*** Opening STUDY MATERIAL ***
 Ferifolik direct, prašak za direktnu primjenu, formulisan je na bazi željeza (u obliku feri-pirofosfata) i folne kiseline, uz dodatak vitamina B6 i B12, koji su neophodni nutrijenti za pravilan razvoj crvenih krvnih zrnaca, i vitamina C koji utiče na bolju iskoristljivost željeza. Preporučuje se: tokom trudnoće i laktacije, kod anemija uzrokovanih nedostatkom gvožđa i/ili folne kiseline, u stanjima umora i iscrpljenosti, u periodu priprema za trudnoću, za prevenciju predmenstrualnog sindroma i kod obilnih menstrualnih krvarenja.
*** Closing STUDY MATERIAL ***
*** Opening STUDY MATERIAL ***
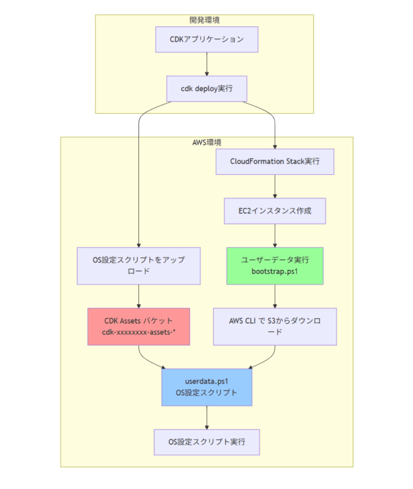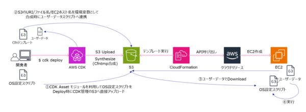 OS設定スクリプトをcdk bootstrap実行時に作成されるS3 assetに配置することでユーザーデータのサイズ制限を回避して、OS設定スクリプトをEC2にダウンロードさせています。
*** Closing STUDY MATERIAL ***
*** Opening STUDY MATERIAL ***
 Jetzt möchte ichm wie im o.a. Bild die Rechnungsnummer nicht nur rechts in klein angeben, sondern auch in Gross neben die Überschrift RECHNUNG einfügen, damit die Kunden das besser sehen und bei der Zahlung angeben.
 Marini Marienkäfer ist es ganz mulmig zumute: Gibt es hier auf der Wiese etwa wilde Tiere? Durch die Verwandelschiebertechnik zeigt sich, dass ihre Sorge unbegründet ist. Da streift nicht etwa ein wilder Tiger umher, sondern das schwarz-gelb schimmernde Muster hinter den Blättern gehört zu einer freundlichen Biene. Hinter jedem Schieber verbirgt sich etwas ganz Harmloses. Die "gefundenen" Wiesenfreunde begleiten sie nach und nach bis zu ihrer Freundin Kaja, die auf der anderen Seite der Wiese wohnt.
*** Closing STUDY MATERIAL ***
YOUR ASSIGNMENT.
By examining the material line by line, establish how many lines contain "nicht" and give only that number.

WRITTEN REPLY.
2